Because Plaintiffs have failed to show that there existed a strong case of fraud or irregularity, Plaintiffs lack standing to challenge any alleged defects in the foreclosure.
Plaintiffs' claim of a violation of M.C.L. § 600.3205c also must be dismissed. Plaintiffs do not dispute that they timely received the 14-day letter with a copy of the requisites of the Loan Modification program. They claim that they contacted Defendants "through their representatives" in order to obtain a Loan Modification, but that Defendants "failed to complete the Loan Modification process . . . and apparently denied Plaintiffs a Loan Modification" without "send[ing] Plaintiffs a denial letter with the calculations." [See Affidavit of Bernard Whitehead, ¶¶ 6-8]. The conclusory allegation that the defendant failed to adhere to the statute by failing to modify the plaintiff's mortgage has been repeatedly deemed insufficient to state a viable claim. See Rabbah, 2013 WL 153729, at *5; Saroki, 2012 WL 5379169, at *6. Moreover, as this Court has previously observed, the statute "does not demand . . . that a lender modify a mortgage," Behnam, No. 12-12303, 8/14/2012 Op. at 5, but merely requires that the lender undertake an inquiry whether a borrower qualifies for a loan modification upon the borrower's request for such a modification and submission of the appropriate documentation.

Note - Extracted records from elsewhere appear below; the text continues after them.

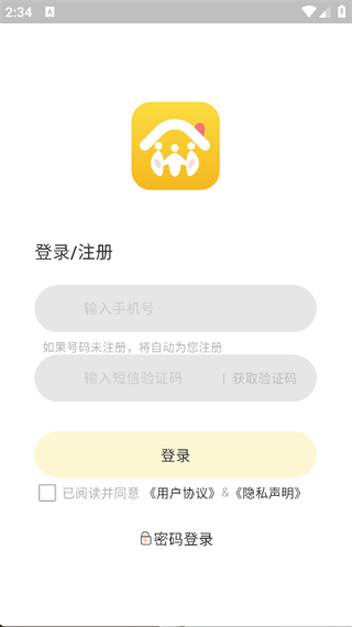 3. 输入手机号和验证码,即可快速登录,进入主页面;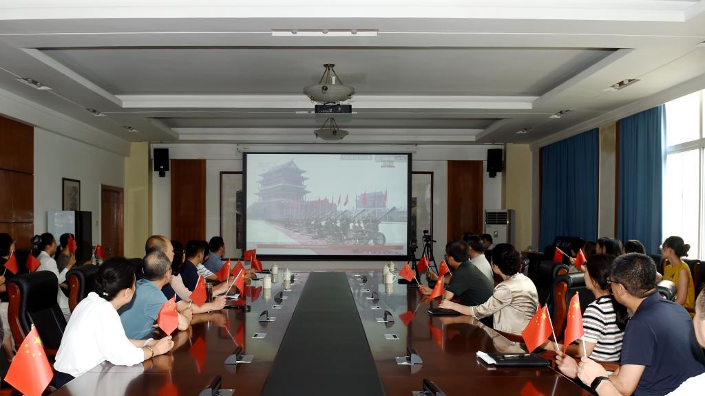 在会议室、教室等集中观看现场,校领导与广大教职工一起观看学习。当看到受阅部队整齐威武的方阵、新型武器装备的亮相,大家倍感振奋,为祖国的繁荣强盛感到无比骄傲。
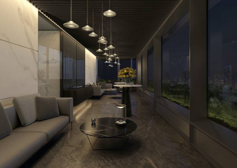 Residents can unwind at the wine lounge, immerse themselves in literary treasures in the library, or find serenity in the sky garden. Active and wellness-focused individuals will appreciate the heated pool, golf simulator, yoga studio, and fitness center, while those seeking indulgence can retreat to the massage room and salon.

Moreover, Plaintiffs have failed to establish that they pursued the appropriate steps under the statute to trigger Defendants' obligation to consider their eligibility for a loan modification. Specifically, Plaintiffs have failed to establish that they contacted the appropriate "designated agent" within the specific 14-day time frame for doing so.
CONCLUSION
For all of the foregoing reasons,
IT IS HEREBY ORDERED that Defendants' Motion to Dismiss [Dkt. # 4] is GRANTED. Accordingly,
IT IS FURTHER ORDERED that this case be, and hereby is, DISMISSED, in its entirety, WITH PREJUDICE.
Let Judgment be entered accordingly,
Gerald E. Rosen
Chief Judge, United States District Court
CERTIFICATE OF SERVICE
I hereby certify that a copy of the foregoing document was served upon the parties and/or counsel of record on September 24, 2013, by electronic and/or ordinary mail.